A good portion of serious recreational players, and most pros, do indeed
track their own play. They write down their starting and ending point total, so
they know the number of hands they've played. And several people I know keep a
spreadsheet with play by session, including number of hands played, amount
won/lost, and the percentage return of that session. Some people write down
every quad, and every Royal scare. Whatever floats your boat!
I'm guessing Steve doesn't actually play much VP in casinos.
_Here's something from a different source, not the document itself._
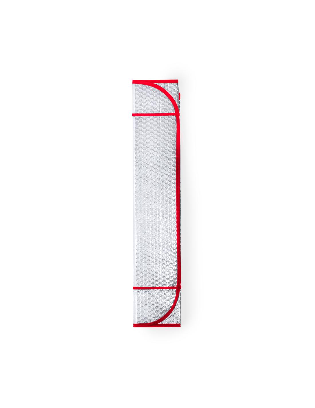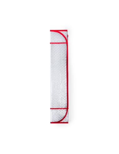 Parasol en aluminio con burbuja en ambas caras. Acabado plateado metalizado, con ribetes en color negro y en tamaño 130 x 70 cm. Con cintas elásticas para plegado y presentación desplegado en plancha para fácil impresión, con bolsas aparte.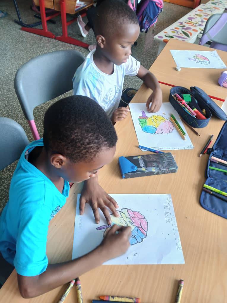 In Klasse 1/2 ging das Lernen diese Woche fröhlich weiter. Klasse 1 schloss das Thema Euro ab, während Klasse 2 an der Multiplikation weiterarbeitete. Im Sachunterricht lernten beide Klassen etwas über das Gehirn, seine Hauptteile und deren Funktionen sowie seine Lage im menschlichen Körper. Außerdem besprachen wir, wie wir unser Gehirn aktiv halten können. Um dies zu vertiefen, bearbeiteten wir ein Arbeitsblatt und malten das Gehirn aus. Im Musikunterricht beschäftigten wir uns intensiv mit der Frage „Können wir Musik lesen?“. Die Lernenden verinnerlichten den 4/4-Takt schnell und kreierten eigene Rhythmen. Jede der fünf Gruppen wählte einen Bandnamen und führte ein Mini-Konzert auf. Sie entwarfen vier Takte im 4/4-Takt und präsentierten diese mit selbstgewählten Klängen wie Klatschen, Pfeifen, Stampfen oder Kreischen.

Please correct
me if this impression is wrong.
Brian
···
=================================
In a message dated 8/6/2006 10:57:57 AM Pacific Standard Time,
groups.yahoo@verizon.net writes:
--- In vpFREE@yahoogroups.com, Steve Jacobs <jacobs@...> wrote:
On Saturday 05 August 2006 2:37 pm, Harry Porter wrote:
> Steve Jacobs wrote:
Let me ask you this -- do you _ever_ keep track of the actual number
of hands you play during a session, and compute the exact ER that
you achieved for that session? I'll bet you don't, and I'll bet there are
very few player who do (I'm tempted to claim "none" here, but then
I think of Monk...). Why? Because players don't REALLY care about
about the number of hands they've played and how that relates to
their performance.
I guess you should call me "Monk". I compute the number of hands I play
from my coin-
in. I know my win/loss in dollars or bets, and therefore I know the exact ER
for every
session (exact, in so far as the "points" are indeed accurate; hence I
periodically manually
check them). I'd also guess that others here do or could do the same
computaion (since
they keep track of their win/loss and points)-- but it's only a guess.